El gallego es el único lenguaje que en lugar de utilizar la realidad como referencia, usa el propio lenguaje como centro de su discurso. Sobre él gira, de espaldas a las cosas, con espurias intenciones. Cuando el gallego habla no se refiere a la realidad, sino que actúa sobre el mismo lenguaje y sobre las posibilidades metalingüísticas que su idioma le presta y que él aprovecha con el único fin de escabullirse, dando la sensación de que se aleja, y así, en esa operación de despiste, desentrañar los propósitos del otro, bajo sospecha desde el principio. Es decir, no utiliza el lenguaje como medio de comunicación, sino como método de inquisición.

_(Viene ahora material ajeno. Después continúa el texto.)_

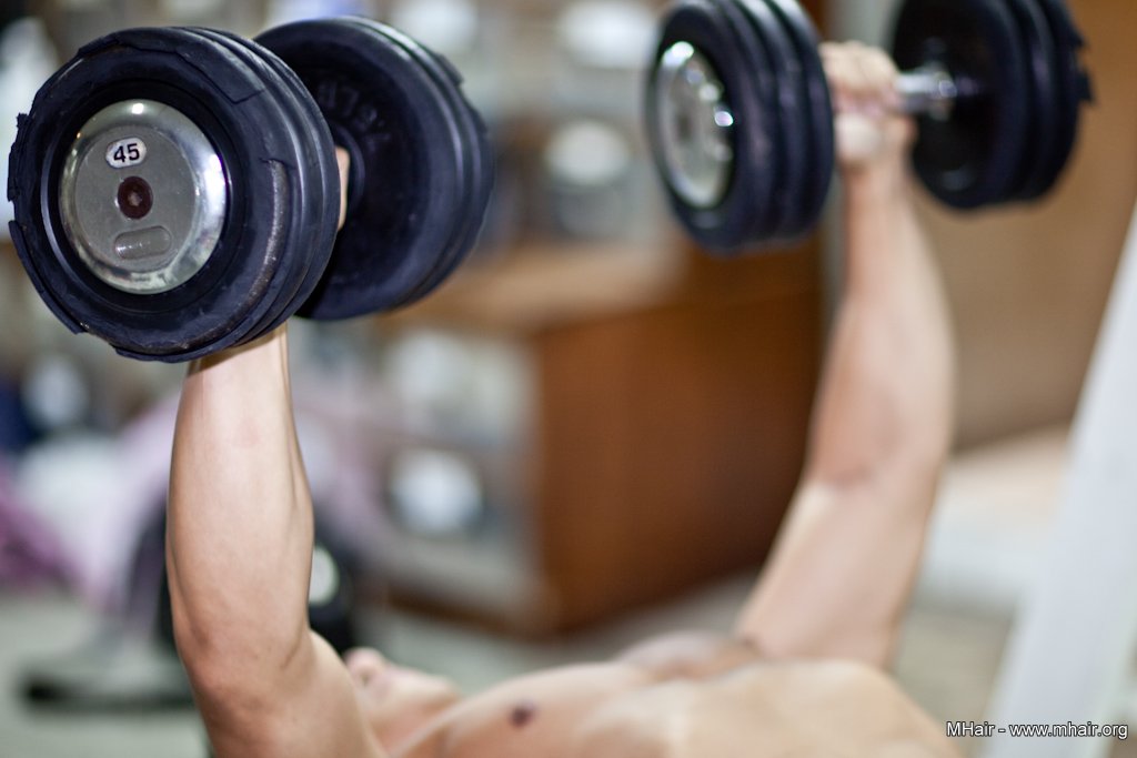 1.保持雙肘微彎的固定角度,下放到背平面即可,上舉時像抱一棵大樹一樣,不是直上直下,沿一定弧度推舉,感受胸肌的拉伸和收縮。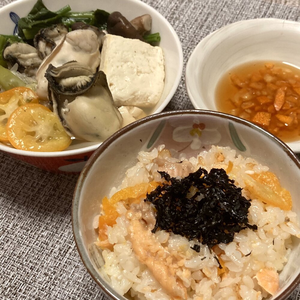 牡蠣鍋にきんかん、鍋の付けタレにきんかん、炊き込みゴハンにきんかん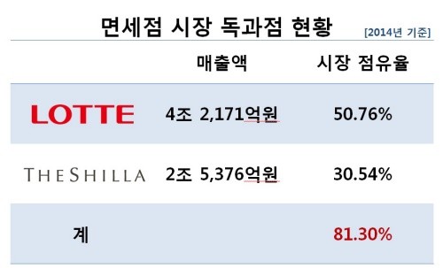 15일 국회 기획재정위원회 전체회의에서 박영선 새정치민주연합 의원은 "롯데와 호텔신라는 이미 공정거래법상 '시장지배적 사업자'이므로 시내면세점에 대한 신규특허는 재고되어야 한다"며 이같이 지적했다.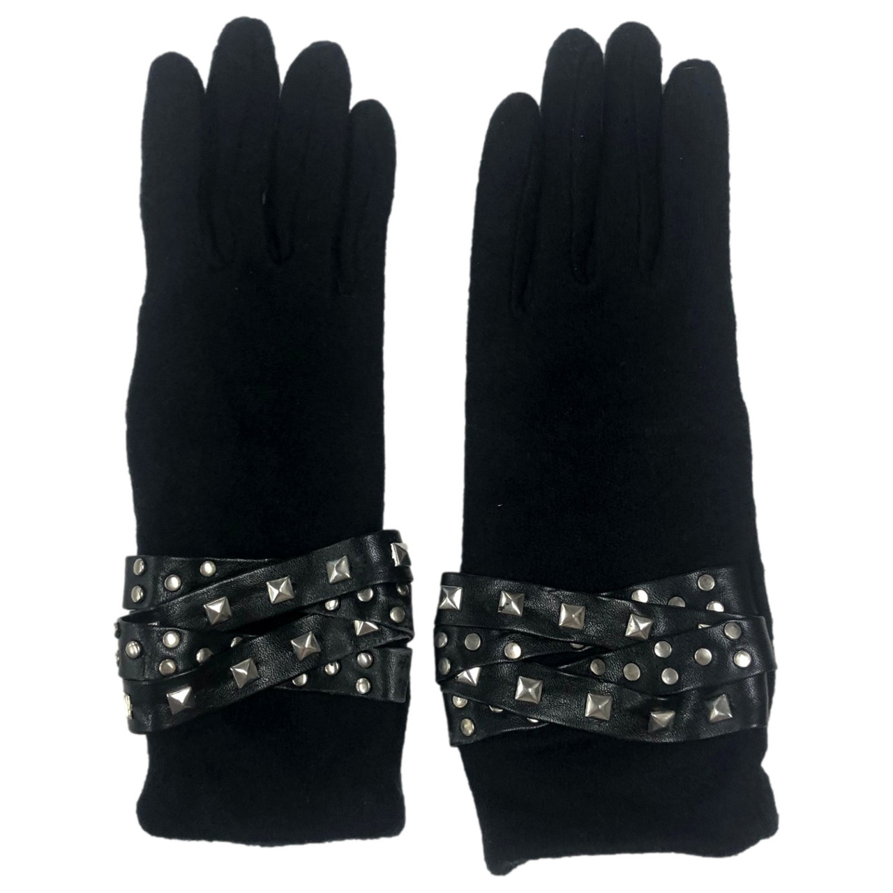 - Womens Sleek Soft Black Studded Leather Trim Gloves Biker Look

Y para hacerlo, en definitiva, el gallego no habla de las cosas, habla del otro posible significado de lo que esta diciendo, pone en marcha un juego de dobles significados que no aclara en absoluto, por lo que podría estar hablando de lo que parece o de cualquier otra cosa; demuestra ser un experto anfibólogo. Con esta ambigüedad consigue sonsacar de su interlocutor la información que él cree necesaria para descubrir las verdaderas (malas) pretensiones del otro, porque el otro siempre, para un gallego, oculta algo. Así la comunicación se convierte en un juego de esgrima en lugar de un mero intercambio de opiniones. Insinúa, con lo que dice, que sabe algo sobre ti para averiguar lo que tu realmente sabes de él.
Parece que habla de algo pero, en realidad, es una trampa dialéctica escondida en el lenguaje lo que despliega, y nada más. Reflexiona en todo momento –en el sentido óptico– sobre el otro posible significado diferente de lo que dice, así refracta los significados, desposee al significante, y de esta manera no podemos asegurar donde se encuentra en realidad, y que valor tiene lo que dice. Se podría decir que sus expresiones premeditadamente están vacías, pero revestidas de materia reflectante, de una capa de retórica confusa, y así funcionan como aparatos a-significantes que, en virtud de esta cualidad de reflejar todo lo que les rodea, nos confunde, porque aparentan querer decir algo; este desconcierto es lo que aprovechan. Lo que se refleja se vislumbra, pero no se ve.
Por lo tanto cuando el gallego se comunica no nos transmite nada de lo que sucede, no hay datos nuevos en su discurso, la realidad no aparece plasmada, sólo descubrimos un conjunto de posibles significados y de dobles significados también, aparentemente concretos, al menos para él, pero realmente confusos, incluso para él mismo. Lo importante no es lo que hay, la realidad, sino lo que planea el otro sobre ella, y el lenguaje le sirve para descubrir esos supuestos perversos planes –porque el gallego es un experto en pensar mal de los demás– y para camuflar los suyos. ¿Cómo habrá sido el ambiente en el que se ha desarrollado Galicia para dar un tipo humano tan desconfiado, un individuo tan cativo?.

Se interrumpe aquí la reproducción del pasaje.